Gusmano R, Perfumo F
Nephrology Department, G. Gaslini Institute, Genoa, Italy.
Kidney Int Suppl. 1993 Jun;41:S31-5.
Incidence of chronic renal failure in children is not yet clearly known. In recent years it has been evaluated on the basis of the number of patients accepted into dialysis-transplantation programs and is thus underestimated, as registries do not list children who are not treated for technical reasons, lack of facilities or health policy. The number of new patients per year per million child population varies widely. Differences among countries are mainly related to economic development. In developed countries the incidence of CRF remains stable or decreases slowly owing to early diagnosis, improved conservative treatment, prevention of genetically-transmitted diseases, whereas the prevalence increases steadily as a consequence of improved replacement therapy. Causes of primary renal diseases have been analyzed in several series totaling over 9400 children. The most frequent cause is chronic primary glomerulonephritis followed by pyelonephritis, including obstructive uropathies and vesico-ureteral reflux. Differences in geographical distribution of etiologies are also analyzed. The relative contribution of chronic peritoneal dialysis and hemodialysis in the treatment of children with ESRF varies from country to country. Several problems regarding CRF in children are briefly discussed: prevention of renal failure, extension of treatment opportunities to more children, quality of replacement therapy, and clinical rehabilitation of children.
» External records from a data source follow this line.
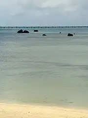 There are many huge boulders on the coasts of the Yaeyema and Miyako islands that are believed to have been deposited by tsunamis. There was a legend that an islet disappeared, but this has never been verified. This set of rocks are called the Ishigaki East Coast Tsunami Rocks.[8] Among them, Yasura-ufukane, Amatariya–Suuari and Taka-koru sishi have been dragged by the 1771 Meiwa tsunami.[9]
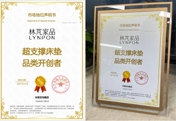 2025年,林芃荣获尚普咨询集团授予的“超支撑床垫品类开创者”认证。所谓“超支撑床垫”,是以支撑性更强的硬质材料为核心,结合各层功能适配材料,为人体提供更科学、更优质的承托体验。这一认证不仅是对林芃在品类创新上的高度肯定,更确立了其在超支撑床垫领域的开创性角色,有力推动整个行业向前演进。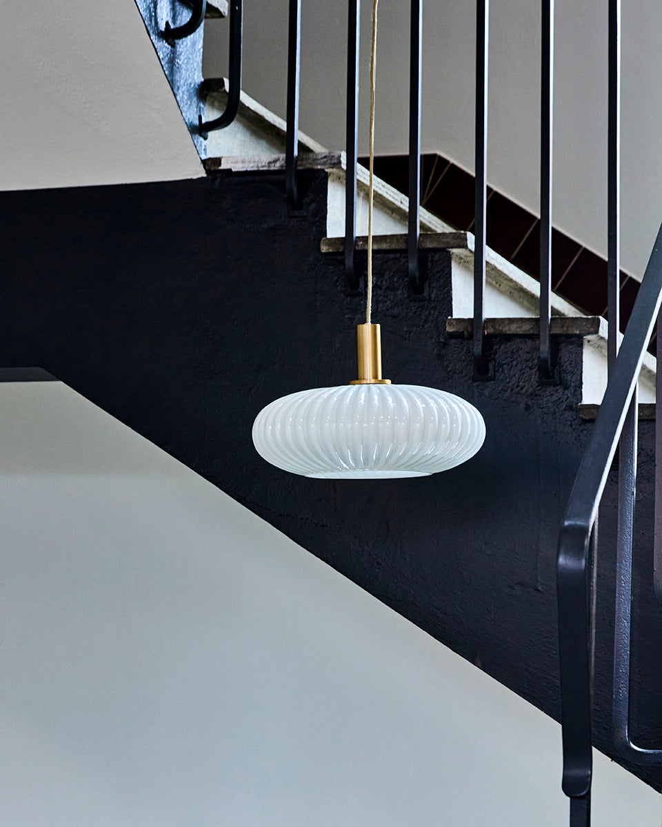 This pendant lamp brings elegance and warmth wherever you hang it. Off-white ribbed glass creates a refined look, while the antique brass finish brings timeless character. Handmade craftsmanship makes each piece unique. Let it light up your dining table, create a soft glow in the hallway, or become the focal point above your living room seating. This pendant combines striking style with inviting, functional lighting.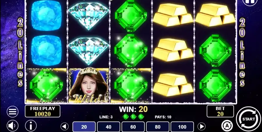 Королева бриллиантов 20 красивый и привлекательный слот с бубновой королевой от 1spin4win. Вы найдете просто 20 линии и обычный макет 5×3, и вы можете найти просто 8 таблички с игровой площадки, вы можете наблюдать: разные бриллианты и кристаллы, Золотые слитки и королева (сумасшедший), Звезда с драгоценными камнями (Символ разброса). Символы разброса тратят деньги независимо от того, образовали ли они линию выплат или нет., посадка 5 из этих символов обеспечивает вам наибольший выигрыш в игре – 500x из выбранных для отыгрыша. Обычно не теряйте времени и попробуйте эту видеоигру прямо на этих страницах в демо-режиме., а затем посетить одно из представленных лицензированных в сети игорных заведений!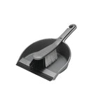 Addis Dustpan and Brush Set. Stylish set with a rubber lip on the dustpan for easy collection of dirt and the brush conveniently clips onto the dustpan so its always ready to use. Colour: Metallic Silver.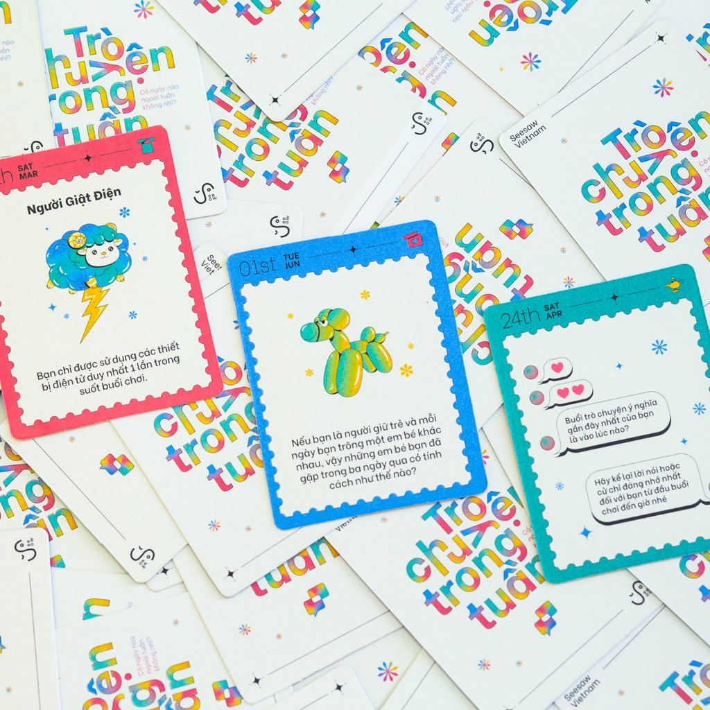 "Trò Chuyện Trong Tuần" là một bộ trò chơi chia sẻ và nhập vai, giúp người chơi có thể chia sẻ các cảm xúc, sự kiện diễn ra trong tuần một cách tự nhiên, vui vẻ và thú vị từ đó mang lại ý tưởng mới cho cuộc trò chuyện mỗi tuần và gắn kết người chơi một cách sâu sắc với những mối quan hệ xung quanh và chính bản thân mình! Bộ bài rất lý tưởng để chơi cùng bạn bè, người thân, người yêu và để làm quà tặng 💝"Trò Chuyện Trong Tuần" có gì?

儿童慢性肾衰竭的发病率尚不清楚。近年来,一直根据进入透析 - 移植项目的患者数量进行评估,因此存在低估情况,因为登记处未将因技术原因、缺乏设施或卫生政策而未接受治疗的儿童列入其中。每年每百万儿童人口中的新患者数量差异很大。国家之间的差异主要与经济发展有关。在发达国家,由于早期诊断、保守治疗改善、遗传性疾病预防,慢性肾衰竭的发病率保持稳定或缓慢下降,而由于替代治疗的改善,患病率稳步上升。在总计超过9400名儿童的几个系列研究中分析了原发性肾脏疾病的病因。最常见的病因是慢性原发性肾小球肾炎,其次是肾盂肾炎,包括梗阻性尿路病和膀胱输尿管反流。还分析了病因地理分布的差异。慢性腹膜透析和血液透析在治疗儿童终末期肾病中的相对贡献因国家而异。简要讨论了有关儿童慢性肾衰竭的几个问题:肾衰竭的预防、将治疗机会扩展到更多儿童、替代治疗的质量以及儿童的临床康复。